The Whole Story

“What I wanted was for an idea to seize me, to arrive as expected”
Blotter, 1993Blotter, 1993
IT IS EARLY SPRING. Each day I wait for the melt, and each day it snows again. The snow falls in veils from the cabin roof, plumps the stone wall outside my window into a giant white loaf.

Every afternoon, when I walk the mile from my studio to the main house for dinner, the snow in the woods bordering the road is deeper, the calligraphy of the deer moving through the trees more finely etched.

Sometimes in the afternoons, instead of working, we take the small plastic sleds from the basement of the main house and struggle through the thigh-deep snow of the woods to the hill that overlooks the town. We plunge wordlessly down, labour slowly back up. The trees on the hillside are straight and thin, look like strings, and when the sun is out it plays them as a chord of light.

I don’t like tobogganing. The journey down is too fast, the return slog too slow. I don’t like the spray and sting, or the grinding of my boots against the snow. I worry about rocks and my back, about crashing into the distant fence bordering the ball diamond. But the headlong rush down the hill matches my despair at not writing, seems mildly self-destructive, and this is why I keep doing it.

After half a dozen runs, we struggle back through the snow to the road, our wet clothes freezing on our skin, stiffening the hinges of our bodies shut. At this point, it seems madness to have come, and we scuttle off to our respective studios, guilty for the work we’ve avoided, the work we’ve missed by hurling ourselves repeatedly downhill all afternoon.

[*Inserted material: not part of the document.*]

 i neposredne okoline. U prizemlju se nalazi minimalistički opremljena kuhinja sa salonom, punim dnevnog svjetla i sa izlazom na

In the centre of the woods, halfway between the top of the hill and the road, stands a small clutch of graves. Soldiers from the Civil War, inexplicably killed and buried here, miles from the proper cemetery. The small white graves are clustered together under the shadow of a dark, mossy boulder. A glacial erratic, left at the top of the hill by a moving wall of ice, thousands of years before these young men were born, or fought, or died.

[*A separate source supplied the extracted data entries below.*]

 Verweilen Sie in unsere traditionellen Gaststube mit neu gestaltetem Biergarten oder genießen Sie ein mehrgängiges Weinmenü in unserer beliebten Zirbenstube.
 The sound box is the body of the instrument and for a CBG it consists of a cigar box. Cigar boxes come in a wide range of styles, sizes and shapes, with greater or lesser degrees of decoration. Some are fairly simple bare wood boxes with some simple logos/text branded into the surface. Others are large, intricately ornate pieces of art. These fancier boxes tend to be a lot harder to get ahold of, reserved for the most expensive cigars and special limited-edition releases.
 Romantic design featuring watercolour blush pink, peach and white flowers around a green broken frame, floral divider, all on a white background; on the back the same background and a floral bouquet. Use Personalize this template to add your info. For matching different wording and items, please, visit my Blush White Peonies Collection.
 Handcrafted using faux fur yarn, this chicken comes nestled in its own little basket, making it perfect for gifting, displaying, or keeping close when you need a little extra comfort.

I have read the worn inscriptions on the stones, know that the soldiers died from war, and yet, each time I push past the graves through the deepening snow, a plastic sled banging painfully against my numbing, wet legs, it seems as though the men must have died, not from war, but from tobogganing.

I am here to finish a novel, and yet each word I have already written seems entirely fraudulent, and each word I can think of to write seems entirely wrong.

All around me, in all the other cabins spread out over the two hundred acres of the arts colony, the other artists are happily industrious. At dinner, people are abuzz with their own genius and productivity. There are endless stories of endless brilliant ideas, and I am sick of all of them.

I don’t work on what I’m here to do, but I am seized by a sort of rogue creativity, the spirit of the place, perhaps, where artists have been coming to paint and sculpt and compose for 150 years. I don’t write, but I start to play the piano in my studio, even though I haven’t played piano since I was six years old. I make up short, mournful songs and call my friends on my cellphone when I know they won’t be home, so I can record the songs on their answering machines. I don’t think about my characters, but every day I sketch the stone wall outside my studio, noting the slightest changes from the weight and shape of the new-fallen snow.

I become obsessed with the old stone walls that are scattered like broken, human music across the estate, and spend hours following their weave through the snowy woods. They were made from clearing the fields, used to demarcate boundaries. They were built using large rocks, often glacial till, for the base. The size of the stones gets progressively smaller as the wall gets higher. All the walls are thigh height because this is as high as a man can lift a stone without strain, without having to raise his hands above his heart.

I think of the walls as language. They are like fine tracery with the light behind them, like lace, and they are no different from these words — each one lifted slowly into place and balanced on this page.

I sketch the walls. I play the piano. For a week, for no reason that I can fathom, I draw nothing but black swans. Hunched over the paper on the floor of the studio, the charcoal — once wood, once fire — softening to dust on the page beneath me. Light, a steady breath against the window.

What I wanted was for an idea to seize me, to arrive as expected. I wanted the simple pleasure of loving my work again. But the words for my novel can’t or don’t want to come. I’m not sure how to make my book happen, don’t know how to get my desire to finish it back. But I do come to know the black swan. I know the long snake flex of its neck, know that the shape of the body is a leaf, a wing, an open hand, the human heart. Every afternoon, I fasten these images to paper, call them swan. And every evening, I rise, black dust dripping from my hands, my arms spread empty to the empty sky, as I walk through woods feathered with shadow — darkness lifting me home.

It is all so strange, the piano playing, the drawing, and I feel almost ill with the confusion of it. The impulse to do these things feels so strong, and yet I have no idea what it means to do them, what they mean.